In the second quarter of 2025, the market situation remained challenging. As expected, our comparable revenue for the quarter was below the level of the comparison period and amounted to EUR 88.4 million (92.0). However, our comparable order intake increased by approximately 7 per cent compared with the second quarter of last year and by 6 per cent from the first quarter of this year.
Operational profitability declined from the comparison period. Our comparable EBITDA, excluding items affecting comparability, was EUR 4.7 million (7.1), representing 5.3 (7.7) per cent of revenue. The result was significantly burdened by the ongoing ramp-up measures at the Gliwice unit in Poland, the costs of which will continue to impact profitability during the remainder of the year. The turnaround process at the Breitenau, Austria business unit, which is progressing as planned, also continued to affect the result.
Although comparable revenue and EBITDA remained below the level of the comparison period, the gap was smaller than in the first quarter of the year, and we take a cautiously positive view of the remainder of the year. We are increasing production capacity at several plants to meet customer demand. Sales development is encouraging, and we see new, tangible opportunities in the market related to the long-term outsourcing trend. Fortaco is committed to delivering the highest quality, reliability of supply and flexibility in its industry, thereby supporting its customers’ profitable growth across different market cycles. We believe these factors will become increasingly important as volumes return to growth.

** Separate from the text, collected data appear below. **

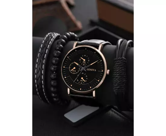 Set pentru Barbati Ceas si 3 Bratari, Negru- 43578
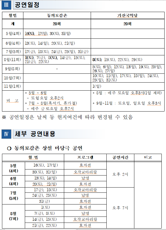 오는 16일 오후 2시 ‘효자전’을 첫 무대로 20회 공연을 진행할 예정이다. 5~6월은 토·일요일 오후2시, 7~8월은 금·토요일 오후 7시 공연이 열리며 날씨 등 현지여건에 따라 변경될 수 있다.
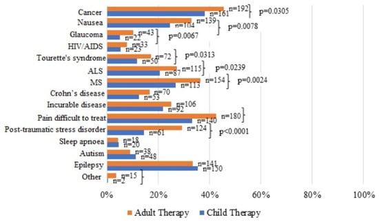 Responses on indications differed between adults and children. Across most conditions, respondents were more likely to endorse use in adults than in children. The largest adult–child gaps concerned post-traumatic stress disorder, pain, nausea, glaucoma, multiple sclerosis, cancers, and Tourette syndrome. Conversely, respondents were relatively more open to paediatric use for autism, epilepsy, and sleep apnoea; however, these differences were not statistically significant (Figure 1).
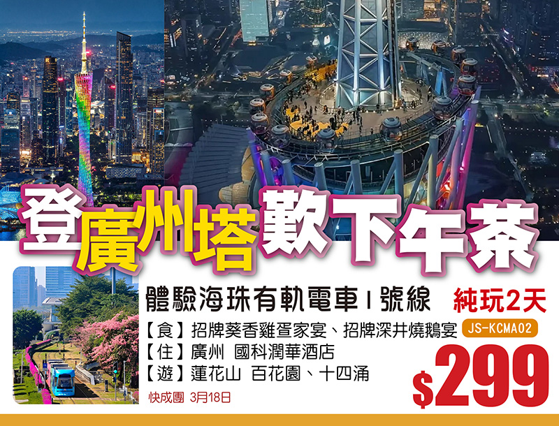 包門票登廣州塔歎下午茶 體驗有軌電車1號線 無購物無聽書 純玩2天$299!
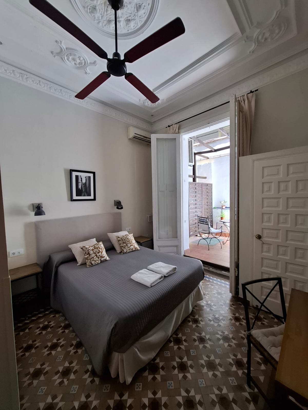 Triple Room balcony/terrace & shared bathroom (Breakfast Included) Triple rooms are bright, air-conditioned room offers a balcony, a flat-screen TV. They have shower and sink in the room but a shared toilet in the hallway. This room has a sofa-bed for an adult. Some have a small balcony overlooking Girona street and others a small terrace over a large courtyard. All are very bright. Tourist taxes 5,5€ per person/night are not included in the price

Fortaco’s performance improvement programme, Fortaco 25, had a positive impact on second-quarter profitability and partly offset the cost effects of the ramp-up operations in Gliwice. The programme is progressing according to plan, and we are pleased with the positive impacts it has delivered on both result and cash flow. We will continue to focus on improving the profitability of our core business and strengthening our cash flow.
Positive market signals, but US tariff policy creates uncertainty
Despite the positive signs observed in some of Fortaco’s customer segments, the market does not yet show signs of broad-based recovery, although conditions in the mining and defence equipment industries remain favourable. United States trade policy continues to create significant uncertainty and reduces the predictability of market developments. At present, US tariffs have no material direct impact on Fortaco’s business, as both direct and indirect exports to the United States are limited and the business is primarily focused on Europe.

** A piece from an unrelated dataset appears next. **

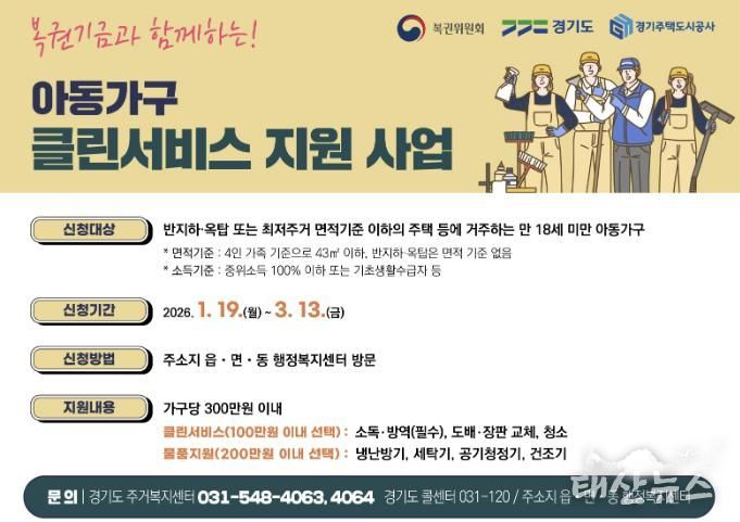 태산뉴스 이동욱 기자 | 의왕시가 복권기금과 함께하는 경기도 ‘아동가구 클린서비스 지원사업’의 신청을 1월 19일부터 3월 13일까지 받는다.

We are well positioned to implement our strategy and grow together with our customers when market conditions improve.
Our balance sheet strengthened significantly
Our balance sheet and liquidity strengthened significantly in May, when the company’s principal shareholder made an equity investment of EUR 20 million in the company, and amendments were made to the terms and conditions of our bond to strengthen cash flow. As a result of these measures, we are well positioned to implement our strategy and grow together with our customers when market conditions improve.

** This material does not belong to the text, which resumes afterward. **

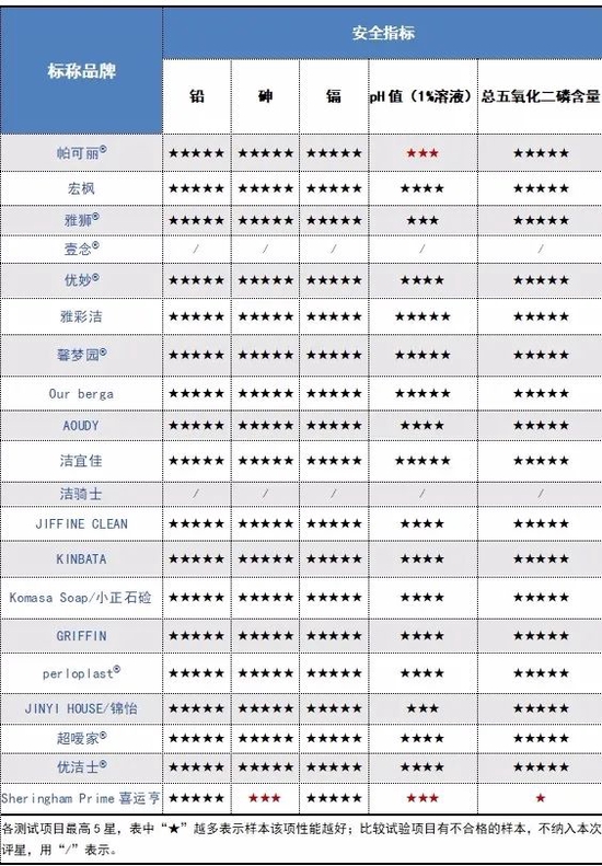 20款样本中,来自澳大利亚的Sheringham Prime喜运亨的总五氧化二磷含量为1.9%,超过《衣料用液体洗涤剂》(QB/T 1224—2012)中总五氧化二磷含量的要求(≦1.1%,对无磷产品的要求),使用时可能对人体和环境产生危害。由于该样本标签标识没有标注其执行的产品标准,加之依据标准为企业标准而非国家强制性标准,因此本次比较试验并未判定该项目是否合格。

In June, we sold our Serbian subsidiary and the business unit located in Gruza, which focused on the marine and energy industries, to the Norwegian Entec Evotec AS. The sale of the Gruza business unit was the final step in the strategic review of the company’s marine, energy and heavy project businesses, which has now been completed. The sale of the subsidiary will have no material impact on Fortaco’s revenue or profit this year.
Developing our climate targets and sustainability reporting
In the first half of 2025, we advanced key elements of our sustainability agenda. A project was launched to define science-based climate targets and outline our transition plans. We also explored ways to improve product-level emission calculations and identified further opportunities to decarbonise our Scope 1–3 emissions.
We follow closely the development of EU regulations and the Omnibus proposal. We have gathered stakeholder feedback, benchmarking data, and insights to develop our reporting and processes further. We also integrated material sustainability topics more deeply into our business processes, reinforcing our commitment to long-term value creation and climate resilience.
Fortaco’s personnel have done excellent work to improve our profitability and to meet the needs of our customers, and I would like to thank all Fortaco employees for their strong commitment. I also wish to thank our partners for their smooth cooperation, as well as our customers and principal shareholder for their continued trust.